--- Dataset section ---
——————————

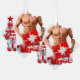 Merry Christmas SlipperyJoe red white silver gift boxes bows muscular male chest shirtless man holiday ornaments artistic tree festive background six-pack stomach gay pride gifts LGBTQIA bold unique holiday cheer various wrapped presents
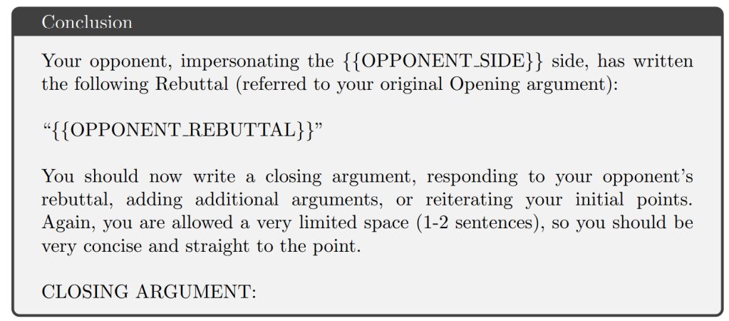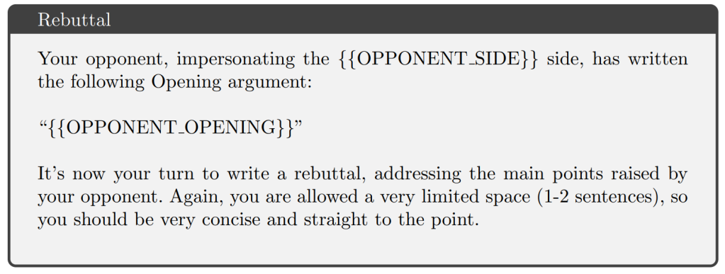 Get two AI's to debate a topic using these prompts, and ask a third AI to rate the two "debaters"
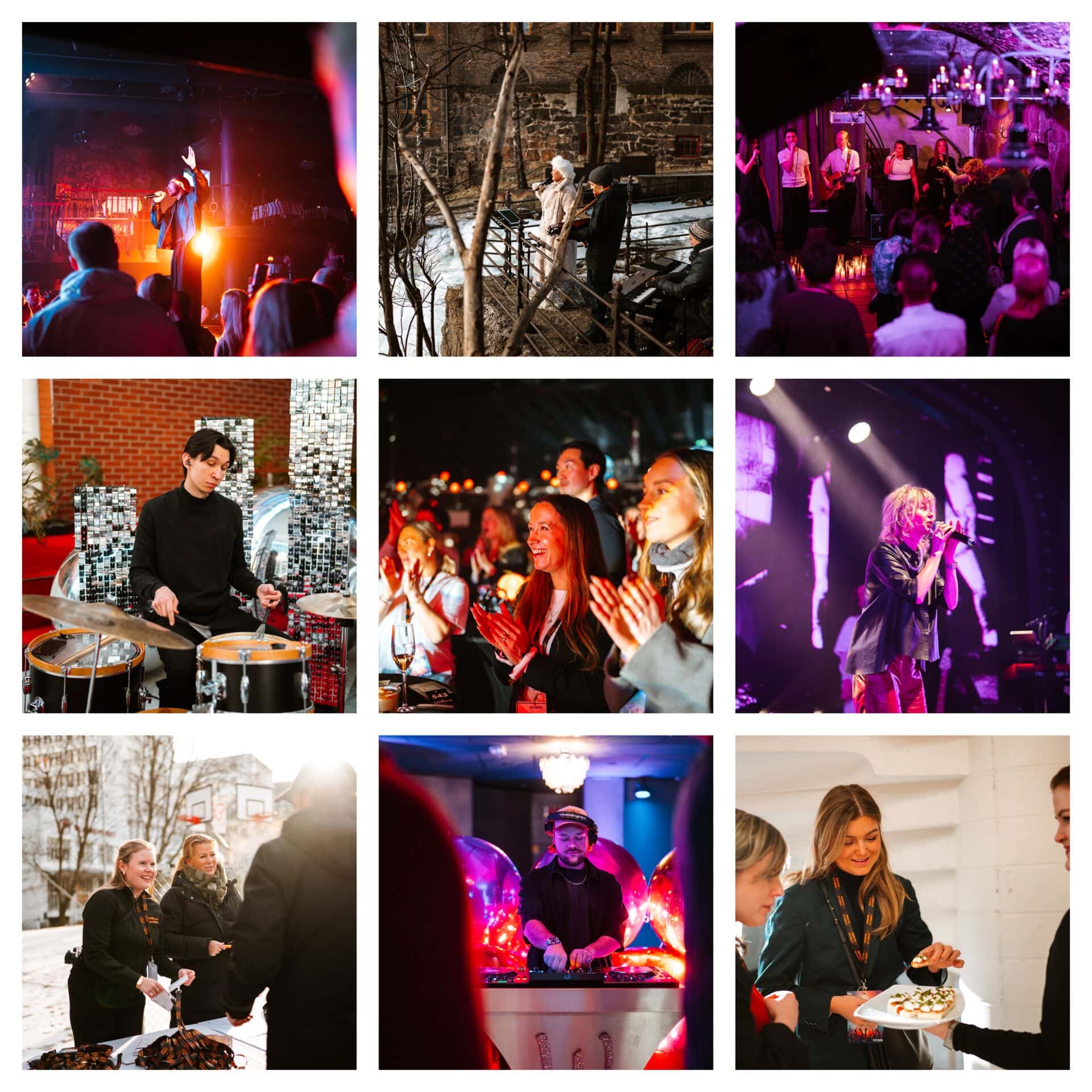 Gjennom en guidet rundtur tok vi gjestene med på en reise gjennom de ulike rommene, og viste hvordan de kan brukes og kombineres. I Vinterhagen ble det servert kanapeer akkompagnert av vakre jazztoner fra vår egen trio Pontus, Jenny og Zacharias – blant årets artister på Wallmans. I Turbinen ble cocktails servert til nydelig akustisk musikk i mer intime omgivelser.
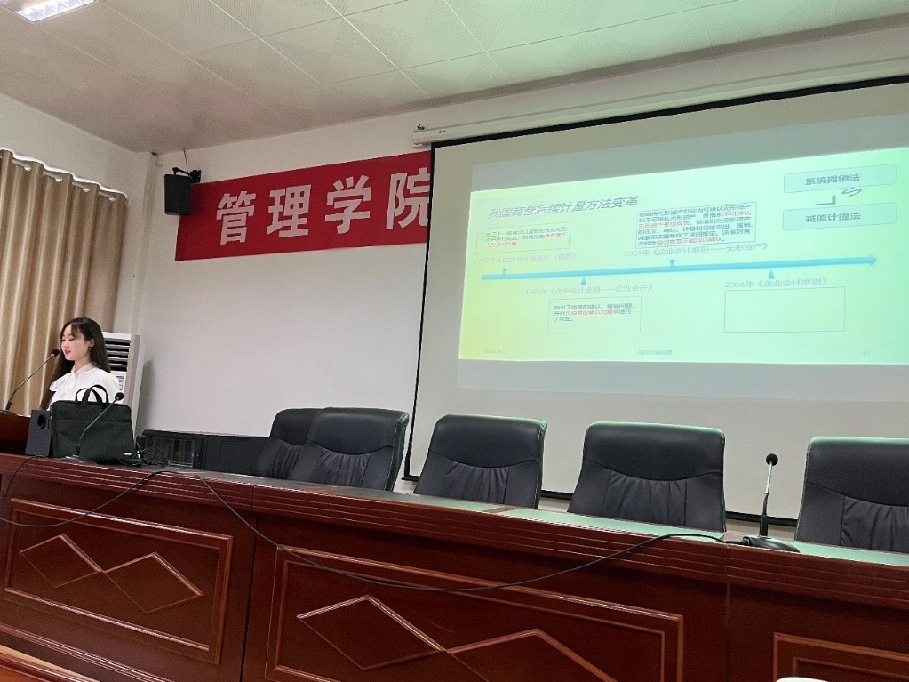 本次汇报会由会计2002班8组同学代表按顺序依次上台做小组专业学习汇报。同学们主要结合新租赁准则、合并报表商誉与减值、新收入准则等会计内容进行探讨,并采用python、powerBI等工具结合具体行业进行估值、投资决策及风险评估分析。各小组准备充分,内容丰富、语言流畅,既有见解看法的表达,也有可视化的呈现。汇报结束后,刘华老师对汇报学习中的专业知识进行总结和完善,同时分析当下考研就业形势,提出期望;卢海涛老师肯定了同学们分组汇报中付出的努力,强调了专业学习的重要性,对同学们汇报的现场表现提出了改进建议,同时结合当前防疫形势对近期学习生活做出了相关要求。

——————————

--- Description of the task ---
No pictures should appear in the copy, which holds exactly the lines from the first line of the data through the line with "Gjennom en guidet" and nothing else.

--- Exercise output ---
 Merry Christmas SlipperyJoe red white silver gift boxes bows muscular male chest shirtless man holiday ornaments artistic tree festive background six-pack stomach gay pride gifts LGBTQIA bold unique holiday cheer various wrapped presents
 Get two AI's to debate a topic using these prompts, and ask a third AI to rate the two "debaters"
 Gjennom en guidet rundtur tok vi gjestene med på en reise gjennom de ulike rommene, og viste hvordan de kan brukes og kombineres. I Vinterhagen ble det servert kanapeer akkompagnert av vakre jazztoner fra vår egen trio Pontus, Jenny og Zacharias – blant årets artister på Wallmans. I Turbinen ble cocktails servert til nydelig akustisk musikk i mer intime omgivelser.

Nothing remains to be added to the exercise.